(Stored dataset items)
- - - - - - -
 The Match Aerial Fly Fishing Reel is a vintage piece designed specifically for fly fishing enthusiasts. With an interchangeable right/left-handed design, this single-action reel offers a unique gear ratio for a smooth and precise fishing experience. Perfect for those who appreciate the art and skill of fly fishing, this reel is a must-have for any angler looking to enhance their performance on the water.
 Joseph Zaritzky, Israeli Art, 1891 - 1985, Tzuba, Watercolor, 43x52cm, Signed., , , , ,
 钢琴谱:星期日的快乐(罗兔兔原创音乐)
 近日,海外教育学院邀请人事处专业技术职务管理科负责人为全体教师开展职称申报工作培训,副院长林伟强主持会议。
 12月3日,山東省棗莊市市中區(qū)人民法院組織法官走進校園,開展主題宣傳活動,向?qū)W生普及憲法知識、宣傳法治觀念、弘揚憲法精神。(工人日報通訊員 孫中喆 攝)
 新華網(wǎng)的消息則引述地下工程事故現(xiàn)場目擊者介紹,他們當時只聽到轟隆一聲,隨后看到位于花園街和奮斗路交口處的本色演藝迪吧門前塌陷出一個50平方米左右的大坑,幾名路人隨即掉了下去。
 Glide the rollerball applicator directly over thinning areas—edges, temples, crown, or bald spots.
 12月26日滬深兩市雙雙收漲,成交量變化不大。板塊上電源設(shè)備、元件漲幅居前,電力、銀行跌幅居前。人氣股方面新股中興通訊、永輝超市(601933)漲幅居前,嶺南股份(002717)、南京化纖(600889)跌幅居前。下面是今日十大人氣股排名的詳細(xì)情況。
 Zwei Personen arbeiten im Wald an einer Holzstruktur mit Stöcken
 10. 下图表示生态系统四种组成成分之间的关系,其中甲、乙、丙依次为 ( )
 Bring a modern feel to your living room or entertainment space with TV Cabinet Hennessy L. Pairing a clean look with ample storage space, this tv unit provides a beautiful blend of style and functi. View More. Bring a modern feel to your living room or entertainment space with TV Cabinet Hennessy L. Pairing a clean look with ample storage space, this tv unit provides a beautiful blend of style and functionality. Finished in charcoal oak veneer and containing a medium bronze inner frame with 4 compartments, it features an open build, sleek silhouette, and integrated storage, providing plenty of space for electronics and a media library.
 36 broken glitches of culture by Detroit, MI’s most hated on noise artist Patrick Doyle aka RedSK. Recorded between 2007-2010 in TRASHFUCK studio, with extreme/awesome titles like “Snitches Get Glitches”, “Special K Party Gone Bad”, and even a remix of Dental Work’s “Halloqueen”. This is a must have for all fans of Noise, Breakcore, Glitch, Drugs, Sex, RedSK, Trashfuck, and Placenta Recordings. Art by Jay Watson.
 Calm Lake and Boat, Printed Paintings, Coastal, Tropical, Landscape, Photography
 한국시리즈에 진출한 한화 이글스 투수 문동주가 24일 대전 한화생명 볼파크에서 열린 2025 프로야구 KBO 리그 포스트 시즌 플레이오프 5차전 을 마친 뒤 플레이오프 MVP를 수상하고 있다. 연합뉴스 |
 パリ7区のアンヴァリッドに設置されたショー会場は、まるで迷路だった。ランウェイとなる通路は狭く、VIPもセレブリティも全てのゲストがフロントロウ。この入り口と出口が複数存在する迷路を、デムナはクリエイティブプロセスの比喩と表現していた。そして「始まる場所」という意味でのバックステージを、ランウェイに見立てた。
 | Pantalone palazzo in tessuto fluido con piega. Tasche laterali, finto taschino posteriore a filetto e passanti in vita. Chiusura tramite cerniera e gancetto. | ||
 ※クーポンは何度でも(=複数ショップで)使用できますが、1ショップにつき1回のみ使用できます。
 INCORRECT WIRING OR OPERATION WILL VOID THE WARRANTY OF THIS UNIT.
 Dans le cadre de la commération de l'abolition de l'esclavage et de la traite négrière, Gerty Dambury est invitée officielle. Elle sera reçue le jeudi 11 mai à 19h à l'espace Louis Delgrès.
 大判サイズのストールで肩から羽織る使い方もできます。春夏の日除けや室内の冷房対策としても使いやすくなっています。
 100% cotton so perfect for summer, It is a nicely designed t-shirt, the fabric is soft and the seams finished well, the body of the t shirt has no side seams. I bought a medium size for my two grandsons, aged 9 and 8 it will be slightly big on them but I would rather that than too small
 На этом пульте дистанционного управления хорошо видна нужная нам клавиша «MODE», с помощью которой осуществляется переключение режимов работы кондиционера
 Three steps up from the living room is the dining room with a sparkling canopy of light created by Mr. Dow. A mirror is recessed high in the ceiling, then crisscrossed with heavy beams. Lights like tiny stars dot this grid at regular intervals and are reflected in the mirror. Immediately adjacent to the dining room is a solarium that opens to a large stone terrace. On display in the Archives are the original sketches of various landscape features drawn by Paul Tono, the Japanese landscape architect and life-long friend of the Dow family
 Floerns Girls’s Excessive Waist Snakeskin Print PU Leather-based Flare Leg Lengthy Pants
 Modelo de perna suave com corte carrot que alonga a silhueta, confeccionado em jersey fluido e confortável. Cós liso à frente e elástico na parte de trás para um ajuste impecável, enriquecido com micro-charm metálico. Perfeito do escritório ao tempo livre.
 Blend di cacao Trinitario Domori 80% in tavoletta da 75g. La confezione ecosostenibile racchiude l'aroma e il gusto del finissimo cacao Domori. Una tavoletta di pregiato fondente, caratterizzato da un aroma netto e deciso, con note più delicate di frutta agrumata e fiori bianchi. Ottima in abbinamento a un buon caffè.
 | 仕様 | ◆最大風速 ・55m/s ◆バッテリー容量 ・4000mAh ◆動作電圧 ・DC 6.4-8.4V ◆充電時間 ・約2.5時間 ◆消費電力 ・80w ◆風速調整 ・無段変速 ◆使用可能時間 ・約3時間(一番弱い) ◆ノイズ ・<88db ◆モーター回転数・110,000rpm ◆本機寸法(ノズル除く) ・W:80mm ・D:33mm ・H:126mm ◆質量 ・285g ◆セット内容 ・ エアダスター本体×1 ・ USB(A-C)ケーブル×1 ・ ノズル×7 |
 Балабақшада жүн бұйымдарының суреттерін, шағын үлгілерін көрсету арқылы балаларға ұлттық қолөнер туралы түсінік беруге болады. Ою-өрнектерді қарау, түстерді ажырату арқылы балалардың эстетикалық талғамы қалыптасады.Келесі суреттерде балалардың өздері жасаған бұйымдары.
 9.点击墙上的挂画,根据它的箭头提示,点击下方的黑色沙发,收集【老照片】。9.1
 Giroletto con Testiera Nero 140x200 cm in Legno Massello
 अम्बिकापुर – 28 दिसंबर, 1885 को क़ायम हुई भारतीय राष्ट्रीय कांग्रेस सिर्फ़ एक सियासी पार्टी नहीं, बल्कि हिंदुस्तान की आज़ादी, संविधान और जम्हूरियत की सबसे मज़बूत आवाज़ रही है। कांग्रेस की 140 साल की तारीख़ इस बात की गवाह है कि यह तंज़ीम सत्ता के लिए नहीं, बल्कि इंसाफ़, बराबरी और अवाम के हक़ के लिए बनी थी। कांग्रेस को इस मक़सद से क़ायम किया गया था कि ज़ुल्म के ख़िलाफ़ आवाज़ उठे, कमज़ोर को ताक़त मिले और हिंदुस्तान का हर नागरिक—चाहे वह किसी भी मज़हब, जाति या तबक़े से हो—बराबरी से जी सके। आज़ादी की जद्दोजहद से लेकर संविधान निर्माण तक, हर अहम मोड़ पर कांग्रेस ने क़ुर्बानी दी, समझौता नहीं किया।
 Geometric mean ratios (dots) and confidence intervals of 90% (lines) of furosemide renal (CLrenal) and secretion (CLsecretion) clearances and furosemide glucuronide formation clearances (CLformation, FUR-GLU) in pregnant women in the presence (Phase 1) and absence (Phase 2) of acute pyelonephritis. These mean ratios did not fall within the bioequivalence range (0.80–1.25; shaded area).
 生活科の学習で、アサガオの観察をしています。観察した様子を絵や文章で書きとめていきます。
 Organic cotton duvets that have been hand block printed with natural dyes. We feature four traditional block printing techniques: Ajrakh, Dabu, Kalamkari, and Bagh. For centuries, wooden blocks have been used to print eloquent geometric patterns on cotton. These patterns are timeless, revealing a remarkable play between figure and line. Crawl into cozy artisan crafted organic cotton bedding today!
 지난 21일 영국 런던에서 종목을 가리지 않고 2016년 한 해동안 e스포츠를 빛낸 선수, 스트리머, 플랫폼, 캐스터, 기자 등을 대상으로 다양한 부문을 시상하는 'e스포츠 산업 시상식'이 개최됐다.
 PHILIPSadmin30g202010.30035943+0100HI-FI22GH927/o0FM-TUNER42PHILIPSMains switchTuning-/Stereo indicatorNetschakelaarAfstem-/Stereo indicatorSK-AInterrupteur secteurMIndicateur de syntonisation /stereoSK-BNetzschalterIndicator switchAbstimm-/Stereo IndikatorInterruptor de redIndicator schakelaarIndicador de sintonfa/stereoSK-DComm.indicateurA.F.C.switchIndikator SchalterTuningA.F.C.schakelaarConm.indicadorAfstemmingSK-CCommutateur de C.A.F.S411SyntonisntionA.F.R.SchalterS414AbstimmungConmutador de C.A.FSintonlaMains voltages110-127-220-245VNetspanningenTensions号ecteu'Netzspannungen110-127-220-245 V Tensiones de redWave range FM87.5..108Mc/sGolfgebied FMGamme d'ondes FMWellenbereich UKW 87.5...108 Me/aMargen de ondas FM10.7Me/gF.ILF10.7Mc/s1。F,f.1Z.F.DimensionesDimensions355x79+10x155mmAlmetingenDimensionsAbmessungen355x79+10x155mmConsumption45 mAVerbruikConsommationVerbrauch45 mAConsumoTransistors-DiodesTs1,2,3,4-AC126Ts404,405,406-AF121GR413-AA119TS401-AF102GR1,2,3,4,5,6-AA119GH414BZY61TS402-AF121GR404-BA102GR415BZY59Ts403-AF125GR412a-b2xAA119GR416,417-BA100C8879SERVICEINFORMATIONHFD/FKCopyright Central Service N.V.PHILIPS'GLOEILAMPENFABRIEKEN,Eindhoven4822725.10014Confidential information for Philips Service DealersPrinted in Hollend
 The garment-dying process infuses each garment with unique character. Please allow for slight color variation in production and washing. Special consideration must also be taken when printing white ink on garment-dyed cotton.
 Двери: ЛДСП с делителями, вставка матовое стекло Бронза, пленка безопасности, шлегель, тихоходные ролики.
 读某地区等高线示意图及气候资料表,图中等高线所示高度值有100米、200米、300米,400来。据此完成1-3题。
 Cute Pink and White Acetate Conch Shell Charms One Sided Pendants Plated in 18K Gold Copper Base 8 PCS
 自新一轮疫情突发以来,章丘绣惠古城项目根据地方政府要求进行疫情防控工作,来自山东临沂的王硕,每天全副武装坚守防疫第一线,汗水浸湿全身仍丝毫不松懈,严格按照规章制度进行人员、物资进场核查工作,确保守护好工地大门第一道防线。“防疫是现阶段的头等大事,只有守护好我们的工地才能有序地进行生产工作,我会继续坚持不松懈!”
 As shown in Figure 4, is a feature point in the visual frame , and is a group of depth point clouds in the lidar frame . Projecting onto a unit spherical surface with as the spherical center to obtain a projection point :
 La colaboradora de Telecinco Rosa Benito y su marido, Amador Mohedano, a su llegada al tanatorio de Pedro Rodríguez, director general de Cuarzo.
- - - - - - -
(What you need to do)
Each line in the entries above, starting at the line with "新華網(wǎng)的消息則引" and ending at the line with "한국시리즈에 진출한 한화", is to be printed exactly, and only those lines.

(Problem solution)
 新華網(wǎng)的消息則引述地下工程事故現(xiàn)場目擊者介紹,他們當時只聽到轟隆一聲,隨后看到位于花園街和奮斗路交口處的本色演藝迪吧門前塌陷出一個50平方米左右的大坑,幾名路人隨即掉了下去。
 Glide the rollerball applicator directly over thinning areas—edges, temples, crown, or bald spots.
 12月26日滬深兩市雙雙收漲,成交量變化不大。板塊上電源設(shè)備、元件漲幅居前,電力、銀行跌幅居前。人氣股方面新股中興通訊、永輝超市(601933)漲幅居前,嶺南股份(002717)、南京化纖(600889)跌幅居前。下面是今日十大人氣股排名的詳細(xì)情況。
 Zwei Personen arbeiten im Wald an einer Holzstruktur mit Stöcken
 10. 下图表示生态系统四种组成成分之间的关系,其中甲、乙、丙依次为 ( )
 Bring a modern feel to your living room or entertainment space with TV Cabinet Hennessy L. Pairing a clean look with ample storage space, this tv unit provides a beautiful blend of style and functi. View More. Bring a modern feel to your living room or entertainment space with TV Cabinet Hennessy L. Pairing a clean look with ample storage space, this tv unit provides a beautiful blend of style and functionality. Finished in charcoal oak veneer and containing a medium bronze inner frame with 4 compartments, it features an open build, sleek silhouette, and integrated storage, providing plenty of space for electronics and a media library.
 36 broken glitches of culture by Detroit, MI’s most hated on noise artist Patrick Doyle aka RedSK. Recorded between 2007-2010 in TRASHFUCK studio, with extreme/awesome titles like “Snitches Get Glitches”, “Special K Party Gone Bad”, and even a remix of Dental Work’s “Halloqueen”. This is a must have for all fans of Noise, Breakcore, Glitch, Drugs, Sex, RedSK, Trashfuck, and Placenta Recordings. Art by Jay Watson.
 Calm Lake and Boat, Printed Paintings, Coastal, Tropical, Landscape, Photography
 한국시리즈에 진출한 한화 이글스 투수 문동주가 24일 대전 한화생명 볼파크에서 열린 2025 프로야구 KBO 리그 포스트 시즌 플레이오프 5차전 을 마친 뒤 플레이오프 MVP를 수상하고 있다. 연합뉴스 |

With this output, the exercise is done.